The Belgrade declaration (, , , ) is a document signed by President of Yugoslavia Josip Broz Tito and Soviet leader Nikita Khrushchev on 2 June 1955 that brought about a short reconciliation between the two states. Negotiations leading up to the signing of the document took place between 27 May and 2 June.

The declaration guaranteed noninterference in Yugoslavia's internal affairs and legitimized the right to interpret other forms of socialist development in different countries.
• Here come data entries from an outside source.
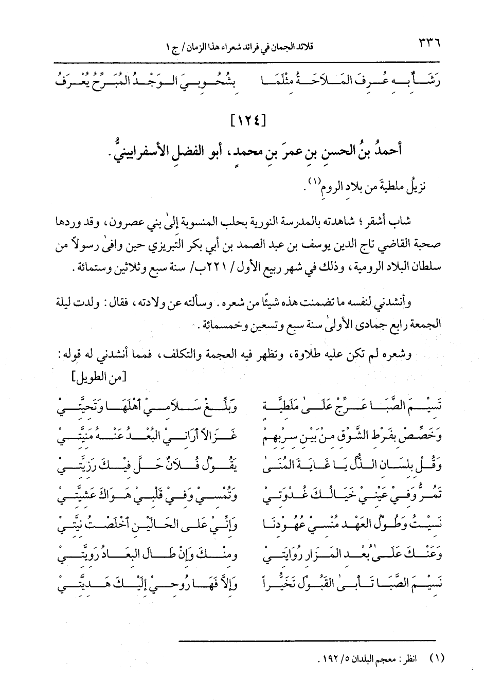 نسيم الصَّبا عرِّج على ملطَّية ... وبلِّع سلامي أهلها وتحيَّتي
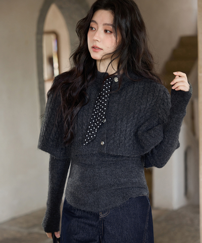 ベロアリボンカーデ+ペプラムキャミ 2点セット
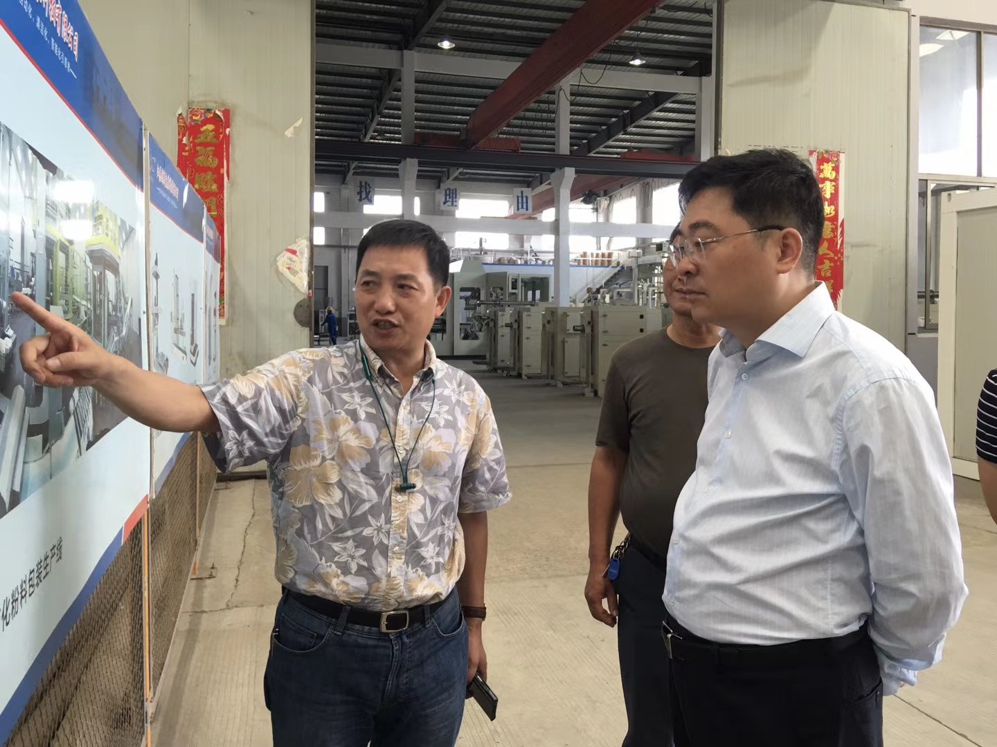 2018年8月28日,高邮市副市长王永海,市工信局局长王有泉,高邮镇人大主席韩非等一行莅临江苏创新包装科技有限公司调研考察。公司董事长方先其接待了来访并作了情况汇报。 通过调研,王副市长对江苏创新包装科技的运营和项目发展情况给予了充分的认可。王副市长希望创新包装科技积极推进创新创业工作更上一层楼。江
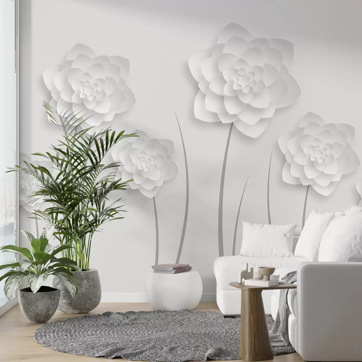 Fotobehang Grote bloemen met imitatie van volume in papierstijl op een lichtgrijze achtergrond met een grijze steel N° w01021
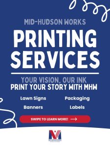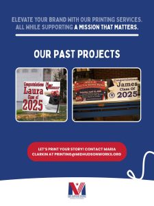 Back Mid Hudson Works Printing Solutions December 23, 2025 Did you know Mid-Hudson Works offers printing solutions? From lawn signs to labels, choose Mid-Hudson Works to print your story, all while supporting a mission that matters. Contact us at [email protected] to get started today! #printing #midhudsonworks

While the declaration failed in achieving lasting rapprochement between the two countries (a result of Yugoslav anxiety over the Hungarian Revolution of 1956) it had an effect on Yugoslav disengagement from the Balkan Pact with the NATO member states of Turkey and Greece. The document was a cornerstone for the relations between the two countries for the following 35 years.

Background
Since the 1948 Tito–Stalin split, there was a rift in the relationships between the Soviet Union and Yugoslavia, as Yugoslav leader Josip Broz Tito established a socialist regime disregarding Joseph Stalin's doctrine.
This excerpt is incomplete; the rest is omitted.